Every time there is a chance for the United States to escape from the trap it has created for itself in Guantanamo Bay, it slams the door shut.
The Pentagon's decision this week to seek the death penalty for six men it accuses of the 9/11 attacks, and to try them under the hugely disputed version of military courts that it has devised, is one of the stupidest mistakes that the Bush Administration has made.
Everything about Guantanamo is an affront to the values the US says it is defending in the War on Terror. The principle of holding hundreds of people there without charge, for years; the fluid rules of the "military commissions" used for the very few who will be tried; the torture that the Administration acknowledges has been practised on these six: all these are an assault on the US Constitution.
To see the most powerful country in the world scrabbling on the edge of a nearby island, with whose leader it is not on speaking terms, for the sole purpose of evading its own laws and principles, is an embarrassment.
But the pity is that, in charging these six men, the US should have the world on its side. On September 11, 2001, it had the world's appalled, instinctive sympathy. It could have retained that by trying the suspected architects of the assault in its established courts, under principles of justice that go back to its founders.
Instead, it has put itself in an indefensible position by subjecting its captives to new courts, under unclear rules. The Guantanamo trials, already the world's slowest legal process, will implode under waves of justifiable legal challenge, and the world will regard the US, not the 9/11 suspects, as in the dock.
I spent a week in Guantanamo in April 2006, when the pre-trial hearings of the first ten to be charged began. We had seen four years of pictures of men in orange jumpsuits but this was the first chance to hear them speak. The predicament that the US had created for itself was evident from the start.
Every detail of the courtroom was military; the seals of the five services hung on the wall; the judge, or "presiding officer", was a navy captain; the prosecutor was from the Air Force; the defence team from the Army; all were in dress uniform. But in this environment of perfect control - even the metal spiral bindings were removed from notebooks, in defence against God knows what imagined threat - the legal proceedings were chaos.
Two prisoners promptly sacked their Pentagon-appointed lawyers, saying they rejected the court's legitimacy. The judge ordered the defence lawyers, who were also military, to continue; they said that they should put their client's wishes above his orders. The court adjourned while the state Bar associations ruled on whether the defence lawyers could defy a senior military officer; they began (very slowly) giving back different answers, as the 50 states are prone to do. Other lawyers leapt up from the audience to offer to defend the defence lawyers, should they be court martialled. The prisoners, on their first outing from the cells in four years, looked stunned.
These problems have been brewing since the first captives arrived in January 2002 at Guantanamo, the deep bay on Cuba's southern flank that the US claims the right to use under an historic lease. For four years, although the US shipped in more than 700 prisoners, it held no one of more significance than Osama bin Laden's driver.

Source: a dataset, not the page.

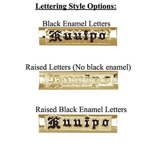 14K Yellow Gold Custom Hawaiian Vertical Pendant hand carved with Plumeria on top of the name. 1.25mm in thickness. You may have up to 10 letters o...
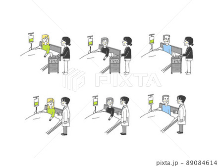 入院患者の患者に声をかける医者や看護師のセット コミカルな手書きの人物 ベクター、線画にカラー

The Administration lost a Supreme Court case in 2004, on behalf of those detained without charge, and had to drop its claim that the base was not US territory and was outside US law. In the 2006 Military Commissions Act, it watered down two contentious aspects of the trials that had brought fierce criticism from Britain: that suspects could not hear evidence against them, if it was deemed classified; and that evidence obtained from torture could be admitted. US diplomats developed a good line in claiming that if only other countries would take these unpleasant men, then it would shut the base down in a flash, which glossed over the lack of ways for prisoners to challenge their captivity.
But the stakes rose in September 2006, when the US flew in 14 "high-value" prisoners, including Khalid Sheikh Mohammed, the alleged mastermind of 9/11, seized in one of the sporadic moments of co-operation with Pakistan. It acknowledged that the 14 had been held in the CIA's "black prisons" in secret locations abroad, its first admission that these existed.
This week, when the Pentagon declared charges against six, including Khalid Mohammed, it ensured that a blow-torch of attention was directed at the unresolved failings, heightened by its vow to seek the death penalty, that old rift with European allies.
Defence lawyers have had no time to gather evidence. Defendents' rights to challenge evidence or to call witnesses are still unclear. Most troubling, the prosecution plans to get around the objection that the men have been tortured by arguing that the CIA interviews have been repeated without torture by the FBI, who used time-tested rapport-building techniques, officials said, including giving the men Starbucks coffee.
This is indefensible. From the start the US should have tried its captives in its established criminal or military courts. Those it could not charge it should have released. It would have had the world's respect, as well as sympathy. But in setting aside its own principles so easily, it has done profound damage to its standing.